The three days of Supreme Court arguments that start Monday on the constitutionality of President Obama's health care law will be a legal marathon, and the lawyers involved have been training.
Last week, there were so many of the mock argument sessions, which lawyers call moot courts, that they threatened to exhaust something that had never been thought in short supply: Washington lawyers willing to pretend to be Supreme Court justices.
The problem, said Paul D. Clement, who represents the 26 states challenging the law, is not just the length of the arguments that the court will hear, but the variety of topics to be addressed.

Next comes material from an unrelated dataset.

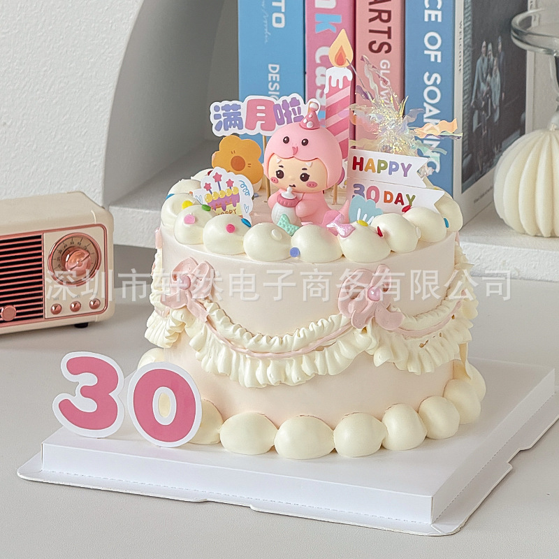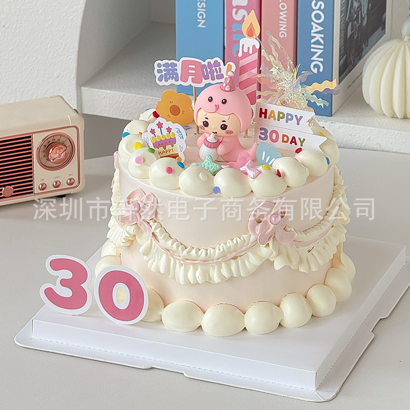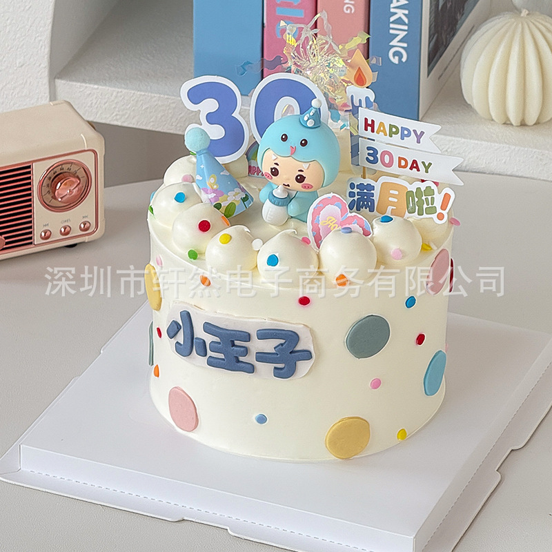 ソフトクリーム青蛇赤ちゃん満月百日ケーキ装飾男女の子生肖蛇30日デザート台焙煎プラグイン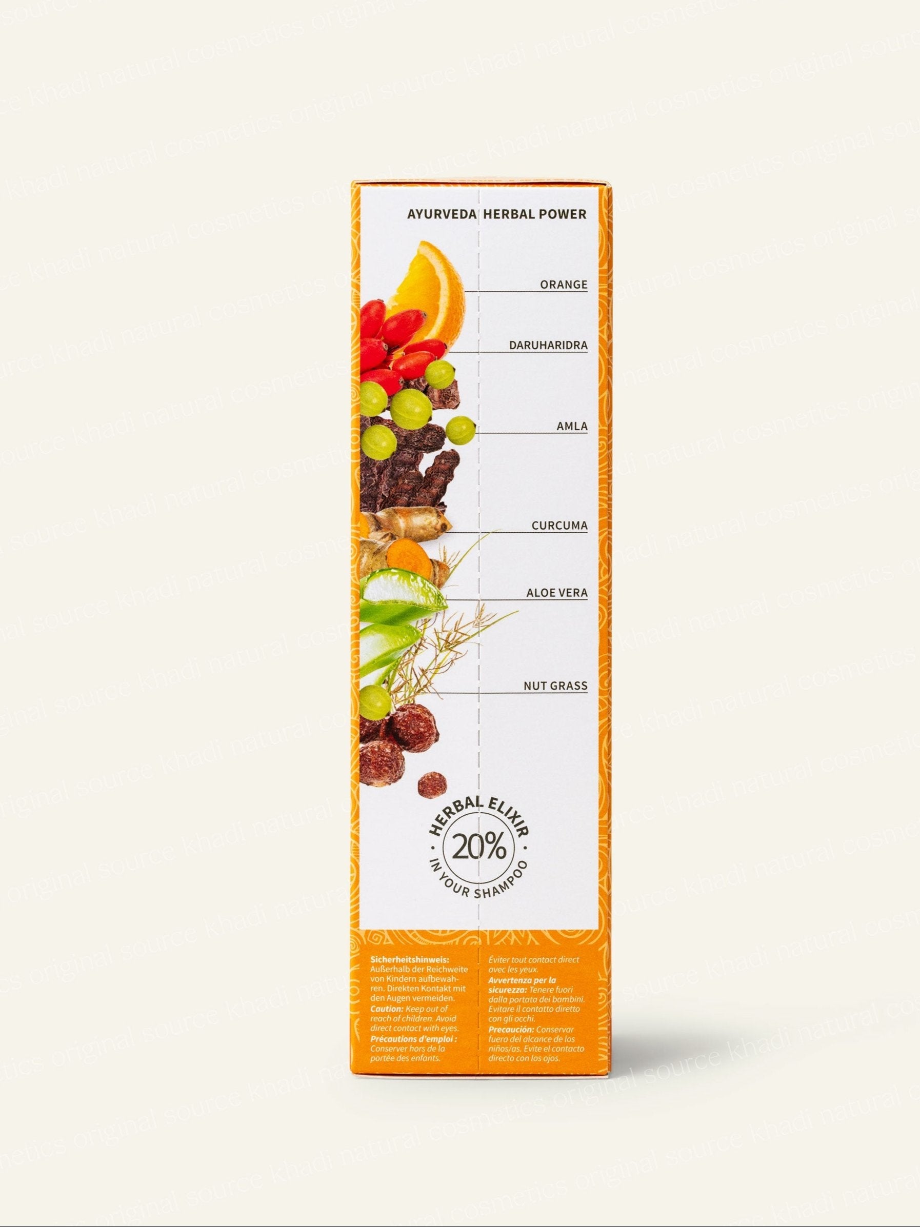 La proporción de khadi Vitality Elixir en su champú es de hasta un 20% en comparación con solo el 2-5% de ingrediente activo en el champú cosmético natural convencional.

The law itself is a sprawling revision of the health care system meant to provide coverage to tens of millions of previously uninsured Americans by imposing new requirements on states, employers, and insurance companies and, through what has been called the individual mandate, by requiring most Americans to obtain insurance or pay a penalty, says Boston Globe.
The decision in the case will have enormous consequences for how health care is delivered in the United States. It is likely to land in June, with large repercussions for Obama and his Republican challenger just before the two parties hold their nominating conventions.
The justices have broken the case into four discrete issues, scheduling a separate session for each, for a total of six hours, the most in more than 40 years. Clement, like his principal adversary, Solicitor General Donald Verrilli Jr., will be arguing three times.
Walter Dellinger, who was acting solicitor general in the Clinton administration, said he was worried about "the enormous endurance challenge this will be for Verrilli and Clement." Dellinger, who has argued more than 20 cases in the Supreme Court, said making even a single 30-minute presentation is draining.
"The day or two after a Supreme Court argument, I just basically collapse," he said, according to Denver Post.
The National Federation of Independent Businesses is the lead plaintiff on one of the cases being heard this week. It argues that the law as a whole will crush small businesses under regulatory burden and health-care costs.
The American Hospital Association is a $20-million-a-year lobby (the third-biggest lobbying organization in terms of spending since 1998, according to data from the Center for Responsive Politics). The AHA has filed briefs in support of the law, and its amicus brief before the Supreme Court argues that "the court should uphold the individual mandate."
The health-care law provides new taxpayer subsidies to hospitals, and the individual mandate could reduce the "uncompensated care" hospitals now provide for the uninsured. Plus, more universal and subsidized health coverage could allow hospitals to raise prices, informs Washington Examiner.